§ **Assignment**
Only the lines running from the line with "Căsuța pentru păpuși" to the end of the listing below should be copied, exactly, without pictures.

§ **Dataset excerpt**
[Start of section]
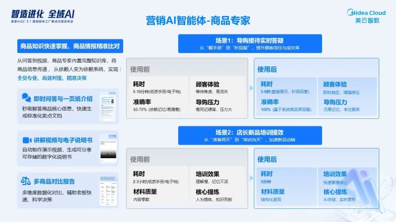 商品专家智能体:基于领域知识与商品数据,分钟内输出一页纸卖点、电子说明书与讲解视频,并支持标准化对比结论;导购接待可在5-8秒内返回顾客关心点的延展说明。
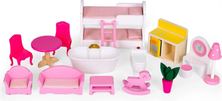 Căsuța pentru păpuși ECOTOYS își datorează farmecul culorilor bine alese și încăperilor proiectate special. Datorită acestora, reședința arată grozav nu doar în camera copilului , ci și în sufragerie , stârnind admirația tuturor membrilor familiei.
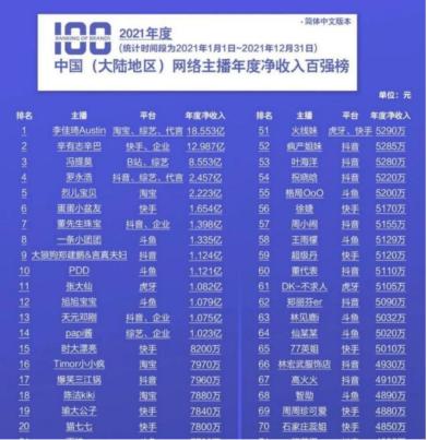 在那份《网络主播年度净收入百强榜》中,年收入过亿的主播超过14个,一些大众看来名不见经传的网红们年薪也超过千万。
[End of section]
§ **Exercise solution**
 Căsuța pentru păpuși ECOTOYS își datorează farmecul culorilor bine alese și încăperilor proiectate special. Datorită acestora, reședința arată grozav nu doar în camera copilului , ci și în sufragerie , stârnind admirația tuturor membrilor familiei.
 在那份《网络主播年度净收入百强榜》中,年收入过亿的主播超过14个,一些大众看来名不见经传的网红们年薪也超过千万。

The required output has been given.